* Problem to solve: What you produce should be the lines from the line containing "Remington, Model 700, CAL: 30-06, MFG: Late" through the last line below, both ends included, reproduced exactly and without pictures.

* Supplied records:

Content starts

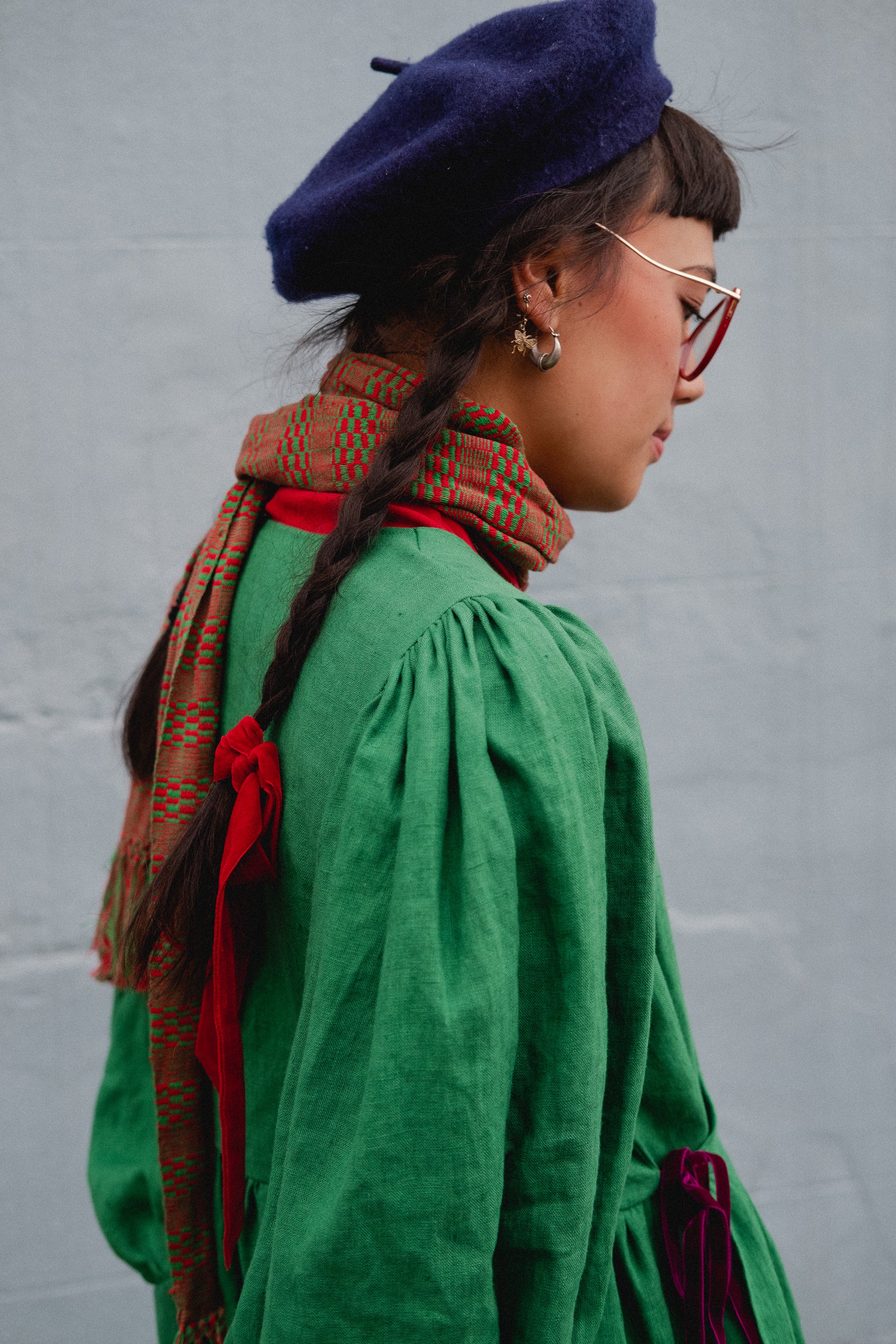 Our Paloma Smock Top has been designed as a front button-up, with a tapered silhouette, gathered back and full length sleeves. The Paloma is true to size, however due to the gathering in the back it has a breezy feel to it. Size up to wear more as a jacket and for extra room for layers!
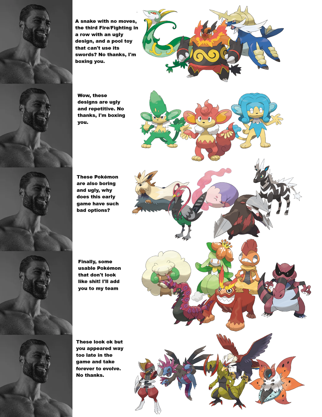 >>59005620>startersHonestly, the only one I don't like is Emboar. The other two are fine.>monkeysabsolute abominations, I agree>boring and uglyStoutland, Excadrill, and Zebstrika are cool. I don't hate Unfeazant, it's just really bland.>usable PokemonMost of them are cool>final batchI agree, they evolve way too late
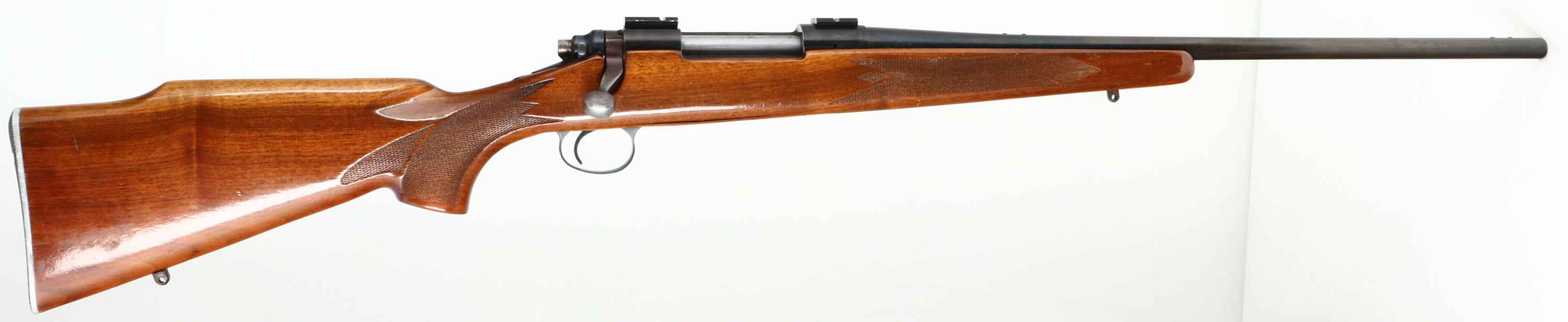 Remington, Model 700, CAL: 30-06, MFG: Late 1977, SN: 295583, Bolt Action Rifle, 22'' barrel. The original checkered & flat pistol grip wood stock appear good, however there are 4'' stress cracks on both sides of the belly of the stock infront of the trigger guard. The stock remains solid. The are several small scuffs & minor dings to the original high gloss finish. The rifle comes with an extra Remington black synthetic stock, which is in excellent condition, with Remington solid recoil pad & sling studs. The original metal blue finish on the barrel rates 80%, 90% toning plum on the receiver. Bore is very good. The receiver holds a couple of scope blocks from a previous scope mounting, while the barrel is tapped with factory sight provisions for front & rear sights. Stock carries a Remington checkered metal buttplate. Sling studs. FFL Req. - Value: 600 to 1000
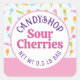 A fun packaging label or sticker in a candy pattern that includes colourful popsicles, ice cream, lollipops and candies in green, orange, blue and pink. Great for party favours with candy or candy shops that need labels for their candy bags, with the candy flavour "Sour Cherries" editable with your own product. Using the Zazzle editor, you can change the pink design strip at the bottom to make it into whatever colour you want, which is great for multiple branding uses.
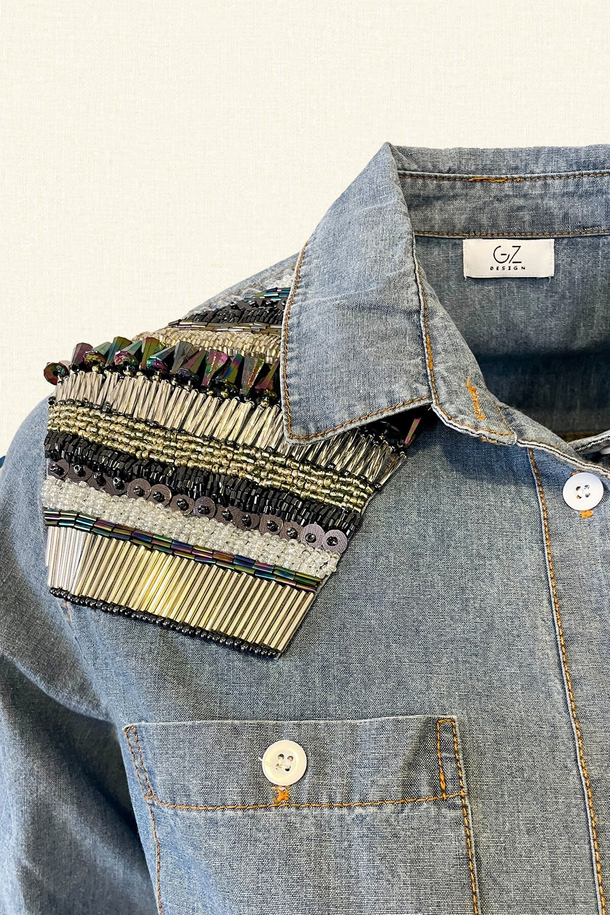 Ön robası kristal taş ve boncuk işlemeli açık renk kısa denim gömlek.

Content ends

* Exercise response:
 Remington, Model 700, CAL: 30-06, MFG: Late 1977, SN: 295583, Bolt Action Rifle, 22'' barrel. The original checkered & flat pistol grip wood stock appear good, however there are 4'' stress cracks on both sides of the belly of the stock infront of the trigger guard. The stock remains solid. The are several small scuffs & minor dings to the original high gloss finish. The rifle comes with an extra Remington black synthetic stock, which is in excellent condition, with Remington solid recoil pad & sling studs. The original metal blue finish on the barrel rates 80%, 90% toning plum on the receiver. Bore is very good. The receiver holds a couple of scope blocks from a previous scope mounting, while the barrel is tapped with factory sight provisions for front & rear sights. Stock carries a Remington checkered metal buttplate. Sling studs. FFL Req. - Value: 600 to 1000
 A fun packaging label or sticker in a candy pattern that includes colourful popsicles, ice cream, lollipops and candies in green, orange, blue and pink. Great for party favours with candy or candy shops that need labels for their candy bags, with the candy flavour "Sour Cherries" editable with your own product. Using the Zazzle editor, you can change the pink design strip at the bottom to make it into whatever colour you want, which is great for multiple branding uses.
 Ön robası kristal taş ve boncuk işlemeli açık renk kısa denim gömlek.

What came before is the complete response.